Femtogenix Presents Data at AACR Annual Meeting 2018 Showing High Potency of Its New Generation DNA-Binding Payloads in Antibody Drug Conjugates

WELWYN GARDEN CITY, United Kingdom, and CHICAGO, April 12, 2018 /PRNewswire/ — Femtogenix, Ltd, a UK biotechnology company pioneering the next generation of DNA-interactive Antibody Drug Conjugate (ADC) payloads, today announced it will present data highlighting the high potency of its new generation of DNA binders for ADCs at the American Association for Cancer Research (AACR) Annual Meeting 2018. AACR 2018 is being held April 14-18, 2018, in Chicago, IL.

A presentation on April 15 will discuss details of Femtogenix’s latest payload molecules for Antibody-Drug Conjugate use.1 The presentation demonstrates that the payloads have exquisite in vitro cytotoxicity (i.e., low picomolar) in a range of tumour cell lines, and when conjugated to antibodies the resulting ADCs have potent anticancer activity in human tumour xenograft studies. In these models, ADCs containing the new payloads were able to achieve complete eradication of the tumour cells, often with only a single dosing.

Femtogenix has been preparing these new payload molecules based on its proprietary Pyridinobenzodiazepine (PDD) platform, members of which exhibit exceptional anti-tumour potency (i.e., femto to low picomolar activity in vitro). The PDD moieties are linked to sequence recognition components that bind non-covalently to DNA, conferring sequence selectivity and allowing the targeting of specific DNA sequences including transcription factor sites that are important in the growth of cancer cells.

Dr Christopher Keightley, Chief Executive Officer of Femtogenix, commented, “Data we are presenting at AACR show that our PDD platform technology overcomes many of the limitations of existing approaches to ADC payloads. The favourable hydrophobicity profile of the PDDs and ease of conjugation, along with their novel mechanism of action, significant cytotoxicity in vitro, efficacy in vivo and tolerability in studies to date suggest they represent a promising new class of payloads. We are already working with a number of partners to make state-of-the-art ADCs under license and look forward to adding others as we make this powerful and versatile new technology widely available to ADC drug developers.”

Femtogenix has generated extensive data on the specific interaction of these payload molecules with DNA using a variety of biophysical techniques including DNA footprinting and FRET studies. The molecules have been specifically designed through proprietary molecular modelling methodologies to maximise interaction within the DNA minor groove. The design methodology has led to the creation of molecules with a range of potencies and has also been used to generate novel DNA cross-linking payloads that form unique DNA adduct structures with differing modes of action.
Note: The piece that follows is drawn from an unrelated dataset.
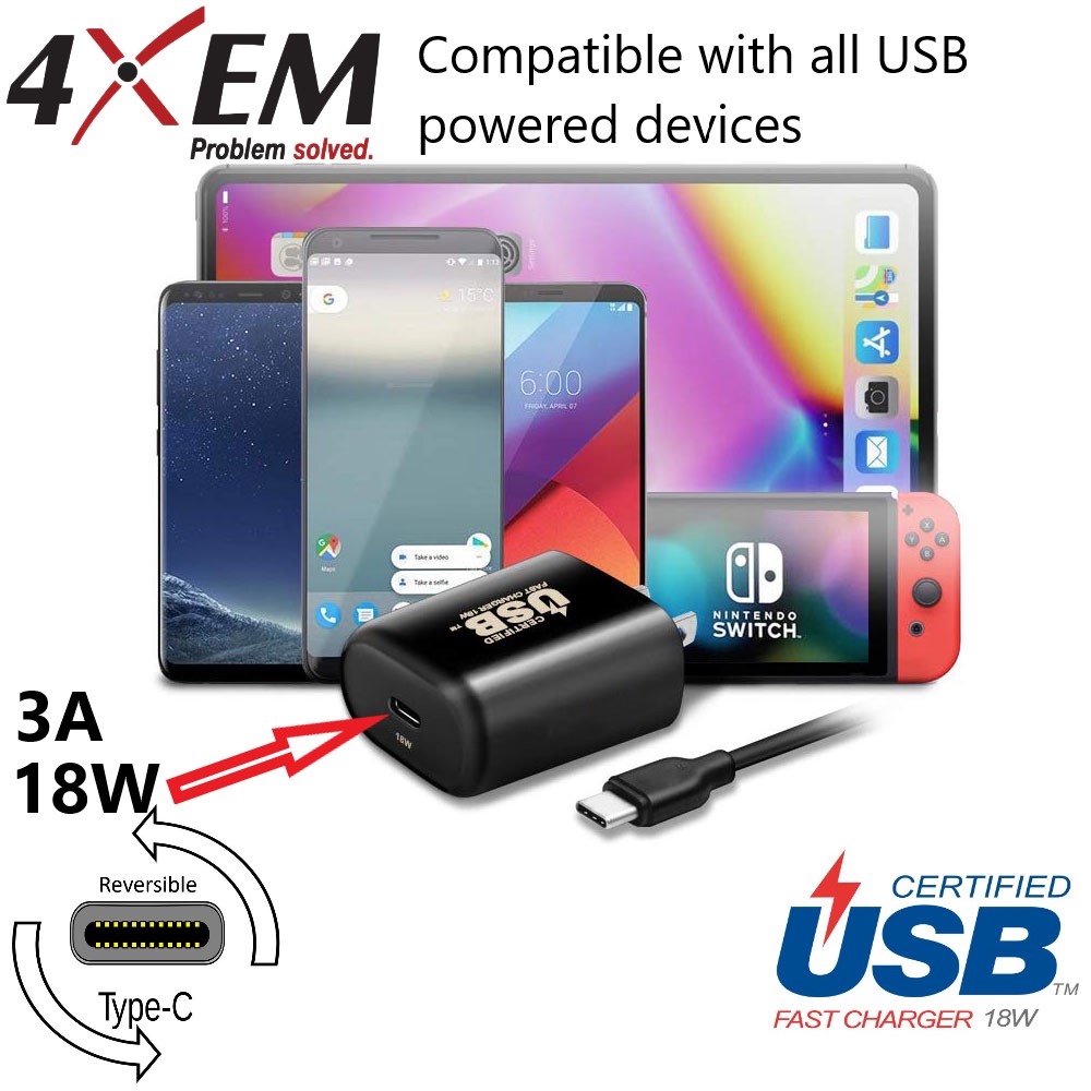 4XEM USB-C 18W PD High Speed USB C Wall Charger is completely compatible with all USB powered devices. With high speed charging, our 18W 3A wall USB Type C wall charger will supply the quick battery boost when you need it. 4XEM's USB C power block delivers a full 18W charging power via the USB-C female port in tandem with one of our many USB-C cables to juice up your mobile phone, tablets or any USB powered devices. Our certified Fast Charging USB-C wall charger is designed with high quality material for strength and durability.

Payloads with differing potencies and modes of action may be suitable for particular uses or specific target situations.

Overall, the novel payloads have improved hydrophilicity over more conventional DNA binding agents, thus facilitating antibody conjugation. The structure of these new payloads also permits a variety of linker attachment sites, providing for ready conjugation to targeting moieties such as antibodies. These novel payloads have already been incorporated into ADCs that have proven highly effective in preclinical studies.

A second Femtogenix presentation reports on a new method developed by Femtogenix scientists to allow the physiochemical properties and hydrophobicity of Antibody-Drug Conjugate payloads to be evaluated and optimized at an early stage of development.2

1 –  PO.ET01.01 – Antibody-Drug Conjugates: Agents and Technology,  April 15, 1:00-5:00pm, 736 / 3 – Pyridinobenzodiazepines (PDDs): A new class of sequence-selective DNA mono-alkylating ADC payloads with low hydrophobicity, N Veillard, P Andriollo, J Mantaj, KR Fox, KM Rahman, G Procopiou, F Cascio, DB Corcoran, I Pysz, PA Cooper, SD Shnyder, Y Ju, E Tan, WM Schopperle, PJM Jackson, DE Thurston

2 – PO.ET01.01 – Antibody-Drug Conjugates: Agents and Technology, April 15, 1:00-5: 00 pm, 738 / 5 – Development of an HPLC method for the assessment of hydrophobicity of ADC payloads, I Pysz, PJ M Jackson, KM Rahman, DE Thurston.

About Femtogenix.

Femtogenix discovers and develops next-generation DNA-interactive payload molecules for use in antibody drug conjugates (ADCs). Its payloads are designed using a proprietary development platform combining computational chemistry techniques and know-how gained from decades of experience in DNA-targeted drug discovery and development. This unique platform enables Femtogenix researchers to design molecules capable of binding reversibly and/or irreversibly to DNA in a sequence-interactive manner, resulting in exquisite tumour cell cytotoxicity. When attached to antibodies or other targeting moieties, these potent cytotoxic agents can be delivered directly to tumours with minimal systemic toxicities. Based in Welwyn Garden City in the UK, Femtogenix works with a variety of partners to produce novel ADC anticancer agents.